My favorite example goes a long way back. The string garbage collection in
Applesoft BASIC (Microsoft BASIC for the Apple II, introduced in 1977) had a
loop that was written backwards. The result worked correctly, but it was
accidentally quadratic.

Variables were stored low in memory. A string variable held a pointer to its
value, which was stored in high memory. When high memory filled up, GC ran on
the string values, pushing the ones that were still used up to the top of
memory. The main loop for this GC routine should have run from the top of
string space to the bottom, copying each string value that was still used to
its final location higher in memory. But, alas, it ran from the bottom of
string space to the top, so each iteration copied up _all_ used string values
that had been found so far. Thus, if there were n used string values, the GC
routine would do O(n^2) copy operations, instead of the O(n) copies that the
correctly written routine would have done.

So code like the following -- with K set to some appropriate value -- would,
at some point, pause for a _long_ time indeed.

    
    
        10 DIM A$(K): REM STRING ARRAY; K SHOULD BE A LARGE-ISH NUMBER
        20 FOR I = 0 TO K
        30 A$(I) = "X": REM EVENTUALLY UNUSED VALUE; GC WILL DELETE
        40 A$(I) = "Y": REM USED VALUE
        50 NEXT I
    

By "a long time" I mean rather more than an hour (maybe -- my memory grows
dim).

------
HeavenFox
Kind of tangent, but this is the reason I find a formal CS degree important,
despite the "hacker school movement" that tells you otherwise.
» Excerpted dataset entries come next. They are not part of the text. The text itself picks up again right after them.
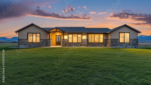 a, tranquil, ranch, home, stone, accent, large, window, illuminated, under, night, sky, green, grass, front, yard, stretches, mountain, far, distance, house, sit, without, any, structure, nearby, surrounded, natural, beauty, landscape, vibrant, sunset, furniture, apartment, comfortable, pillow, indoor, bedchamber, interior, room, window, luxury, cosy, floor, no people
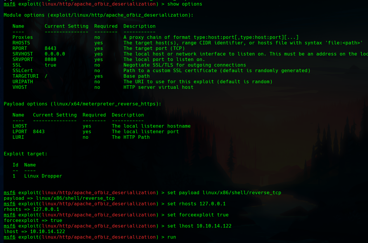If we set the options and the payload to get a reverse shell and run the exploit, we’ll end up in a docker image.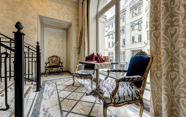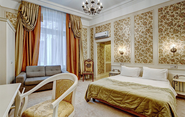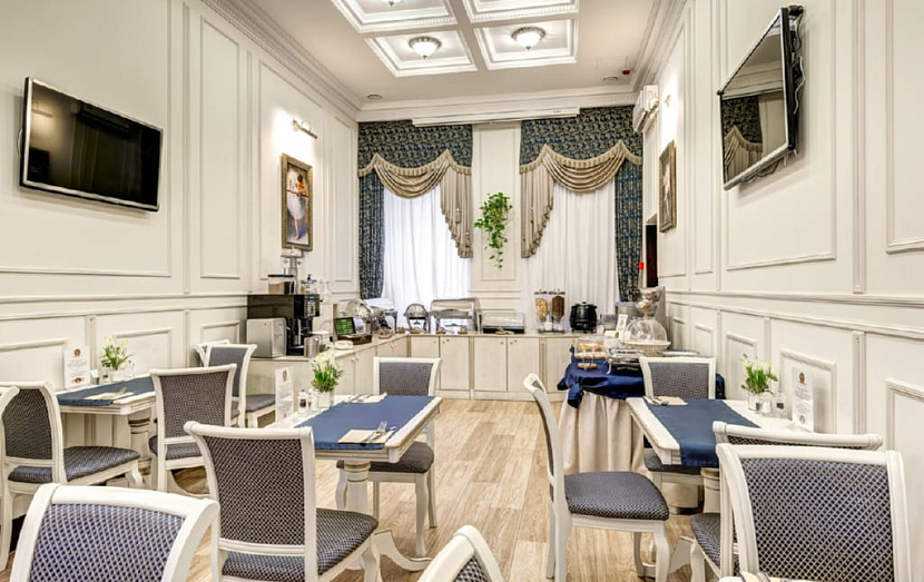 Отель разместился на знаменитой пешеходной улице Кузнецкий мост, в трехэтажном историческом особняке, выстроенном в XVIII столетии. Гостей ожидают двухместные номера категорий Стандарт, Комфорт, Люкс, выполненные в изысканном классическом стиле начала ХХ века с уникальными предметами антикварной мебели. В каждой комнате есть кондиционер, санузел с душем, фен, телевизор.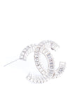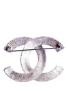 CHANEL CC Logo Swarovski Crystal Large Brooch Pin Silver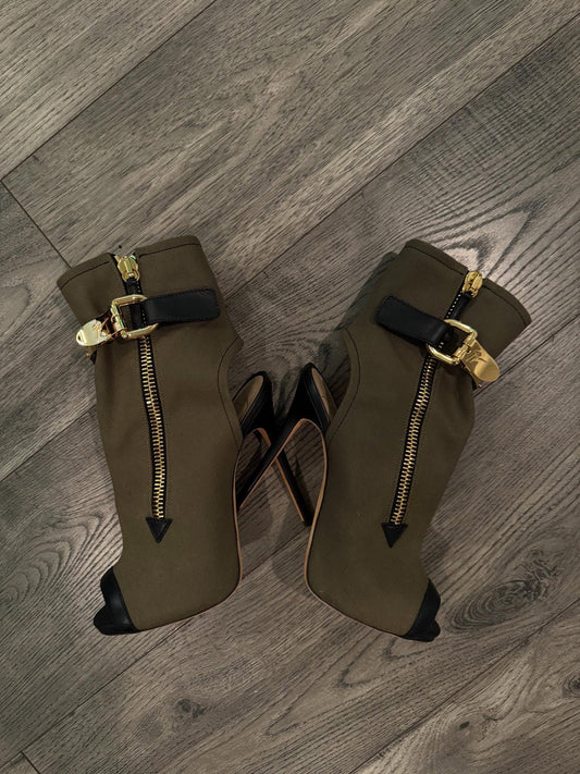 Army green and gold zipper hollow ankle boots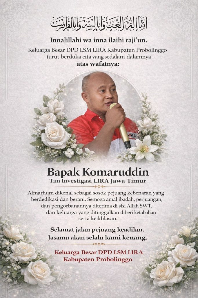 Keluarga besar Perisaihukum.com tengah berduka. Saudara Qomar udin tercinta dari Ketua Tim Investigasi Jawa Timur telah berpulang ke rahmatullah.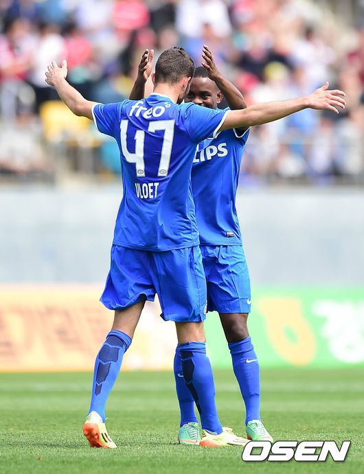 전반 아인트호벤 라이 브로엣이 역전골을 성공시킨후 환호하고 있다.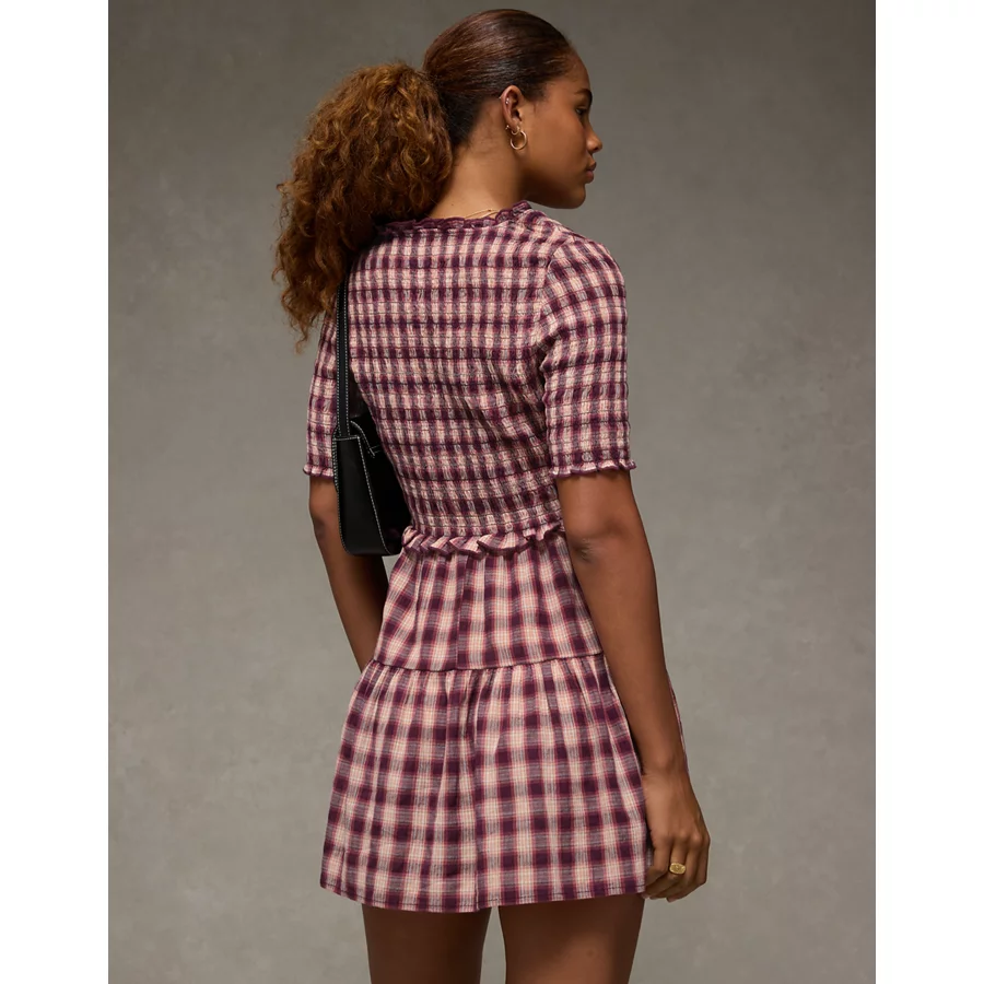 AE Puff Sleeve Tie Front Plaid Mini Dress – Burgundy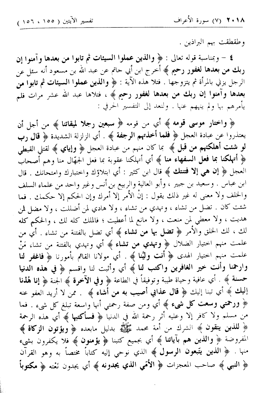 وَاخْتارَ مُوسى قَوْمَهُ أي من قومه سَبْعِينَ رَجُلًا لِمِيقاتِنا من أجل أن يعتذروا عن عبادة العجل فَلَمَّا أَخَذَتْهُمُ الرَّجْفَةُ. أي الزلزلة الشديدة قالَ رَبِّ لَوْ شِئْتَ أَهْلَكْتَهُمْ مِنْ قَبْلُ بما كان منهم من عبادة العجل وَإِيَّايَ لقتلي القبطي أَتُهْلِكُنا بِما فَعَلَ السُّفَهاءُ مِنَّا أي أتهلكنا عقوبة بما فعل الجهال منا وهم أصحاب العجل إِنْ هِيَ إِلَّا فِتْنَتُكَ قال ابن كثير: أي ابتلاؤك واختبارك وامتحانك. قال ابن عباس. وسعيد بن جبير، وأبو العالية والربيع بن أنس وغير واحد من علماء السلف والخلف ولا معنى له غير ذلك يقول: إن الأمر إلا أمرك وإن الحكم إلا حكمك. فما شئت كان. تضل من تشاء، وتهدي من تشاء، ولا هادي لمن أضللت، ولا مضل لمن هديت، ولا معطي لمن منعت، ولا مانع لما أعطيت؛ فالملك كله لك، والحكم كله لك، لك الخلق والأمر تُضِلُّ بِها مَنْ تَشاءُ أي تضل بالفتنة من تشاء. أي من علمت منهم اختيار الضلال وَتَهْدِي مَنْ تَشاءُ أي وتهدي بالفتنة من تشاء من علمت منهم اختيار الهدى أَنْتَ وَلِيُّنا. أي مولانا القائم بأمورنا فَاغْفِرْ لَنا وَارْحَمْنا وَأَنْتَ خَيْرُ الْغافِرِينَ

Sure, you may
never need the stuff you learned in Algorithms or Computer Architecture, but
having gone through these classes you sort of develop a knack of recognizing
these kind of bad code: you instantly know the time/space complexity of your
code, and what the best-known complexity might be.

Sure, premature optimization is the root of all evil, but there's a huge
difference between not knowing there's a faster solution and actively choosing
not to use the faster solution because it's harder to read/harder to
maintain/more bug prone/etc.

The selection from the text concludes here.